Clearly, saving the shrike is a labour of love.

And the labour seems to be paying off. Bird is pleased with the response from funding agencies, the media and the public. "CBC and the Discovery Channel have both done pieces on the shrikes and it's just the beginning," says Bird. He estimates it costs $2,500 per shrike to raise it from the egg to the time of release.

Releases have yet to occur. The strategy used by the ASCC and the Metro Zoo is to breed in captivity two colonies, large enough to allow for experimental releases into the wild. At present, Bird has 24 birds, while the zoo has 25.

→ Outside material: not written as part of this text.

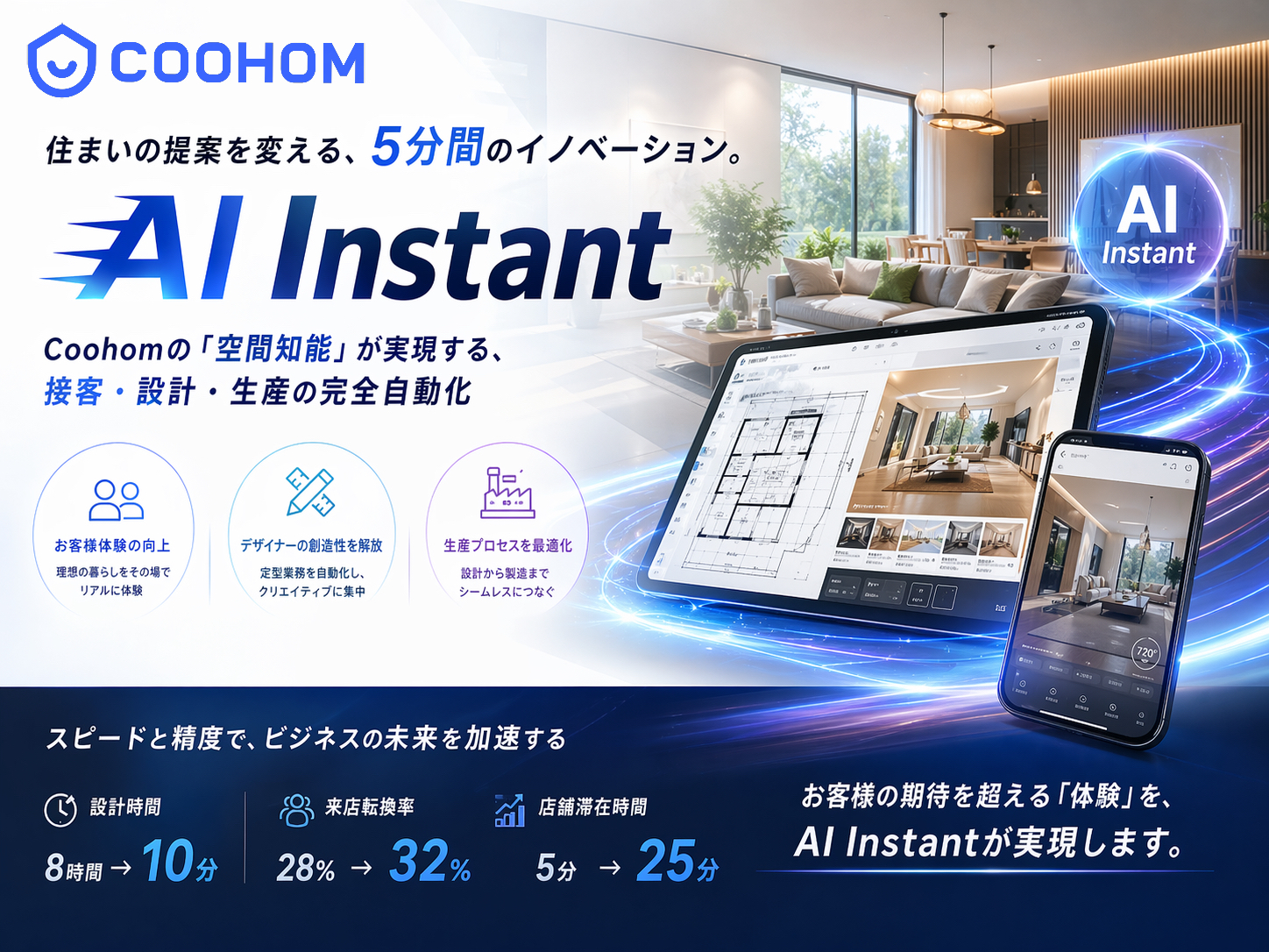 従来の家具・ホームサービスは、長い業務フロー、長期化する設計サイクル、そして高い人件費という制約に縛られてきました。AI Instantは3つのコア能力を通じてこれらの課題を解決し、パートナー店舗の成長を強力に支援します。

Sometime in the year 2000, the two institutions will try a variety of methods of release such as adding eggs or captive bird nestlings to active nests in the wild, pairing a single captive-bred bird with a wild bird or placing captive breeding pairs in large, outdoor aviaries where they will be protected from predators as hawks and raccoons and fed, at least initially, live food.

Unlike the peregrines, who know virtually no enemies, shrikes are vulnerable to all sorts of ground mammals, such as raccoons, and birds of prey, like the hawk and owl. So Bird knows that saving this small bird will be harder than saving the peregrine. "The crucial question is: Will the birds recognize and avoid predators?" The final fate of these ornery birds will rest with their ability to avoid predators that are even tougher than they are.

David Bird will be speaking tomorrow at 3:30 p.m. in the amphitheatre of the Redpath Museum on: The Pros and Cons of Technology for Birds of Prey.